Lazy Eye – The Myths and Realities

The term “Lazy Eye” refers to the inability of the visual system to send the appropriate signal from the retina (back) of the eye through the optic nerve to the visual center in the brain.  When there is a deficit in the conduction of the image being viewed, it usually occurred because the eye lacked visual stimulation during a crucial period during a childs development, believed to occur between the ages of 2 and 7 years old.

A Lazy Eye can often be “fixed” by occluding the better seeing eye, forcing the lazy eye to see for several hours, several times a week, and this therapy is achieved in several ways, from patching, to blurring with eyedrops and is usually effective up until the age of 7.  Recent research suggests there is hope that children, even adolescents may be able to restore some of their vision in the lazy eye even after the age of 7.

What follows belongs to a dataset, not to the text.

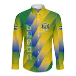 Gabon Flag Long Sleeve Button Shirt - National Coat of Arms and Vertical Design

While lazy eye is often seen in conjunction with an eye turn (crossed eyes or “wall-eye”), clinically described by the term Strabismus, the reason isn’t the eye turn, it is the fact that the eye that turns away from the object of regard isn’t visually stimulated, causing it to become lazy.

Many standard pediatrician and school screenings fail to diagnose lazy eye, as children can often compensate well enough to show apparently decent results in these screenings.  This is why having your child evaluated prior to starting preschool is very important.  Most lazy eyes can be helped, but the ones who don’t receive proper attention may remain lazy for the rest of the childs life, limiting their ability to perform tasks that require depth perception like flying a plane.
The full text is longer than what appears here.